To solve the problem, we need to find the value of the summation: \[ \sum_{r=0}^{40} r \cdot \binom{40}{r} \cdot \binom{30}{r} \] ### Step-by-Step Solution: 1. **Rewrite the term**: We start by rewriting \( r \cdot \binom{40}{r} \): \[ r \cdot \binom{40}{r} = 40 \cdot \binom{39}{r-1} \] This is because \( r \cdot \binom{n}{r} = n \cdot \binom{n-1}{r-1} \). 2. **Substituting into the summation**: Now we can substitute this into our summation: \[ \sum_{r=0}^{40} r \cdot \binom{40}{r} \cdot \binom{30}{r} = \sum_{r=0}^{40} 40 \cdot \binom{39}{r-1} \cdot \binom{30}{r} \] 3. **Changing the index of summation**: To simplify the summation, we can change the index of summation by letting \( k = r - 1 \).
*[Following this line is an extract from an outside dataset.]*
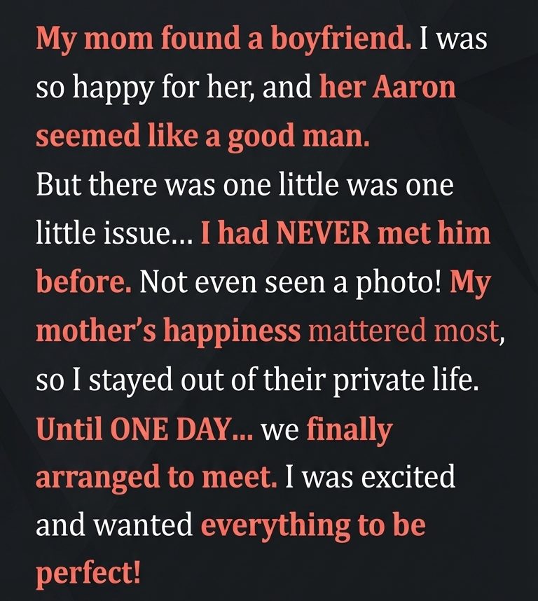 As I grew older, I often encouraged my mom to find someone new. She admitted she felt lonely, especially during those long, quiet evenings when the house seemed too big for one person. So, when she called me one afternoon, her voice bubbling with excitement as she announced that she had a boyfriend she wanted me to meet, I was genuinely happy for her.

Thus, when \( r = 0 \), \( k = -1 \) (which we can ignore), and when \( r = 40 \), \( k = 39 \): \[ = 40 \cdot \sum_{k=0}^{39} \binom{39}{k} \cdot \binom{30}{k+1} \] 4. **Using the Hockey Stick Identity**: The summation can be simplified using the Hockey Stick Identity: \[ \sum_{k=0}^{n} \binom{r}{k} \cdot \binom{s}{n-k} = \binom{r+s}{n} \] In our case, we can apply this identity: \[ \sum_{k=0}^{39} \binom{39}{k} \cdot \binom{30}{k+1} = \binom{39 + 30}{40} = \binom{69}{40} \] 5. **Final Calculation**: Now substituting back: \[ = 40 \cdot \binom{69}{40} \] ### Final Answer: Thus, the value of the summation is: \[ 40 \cdot \binom{69}{40} \]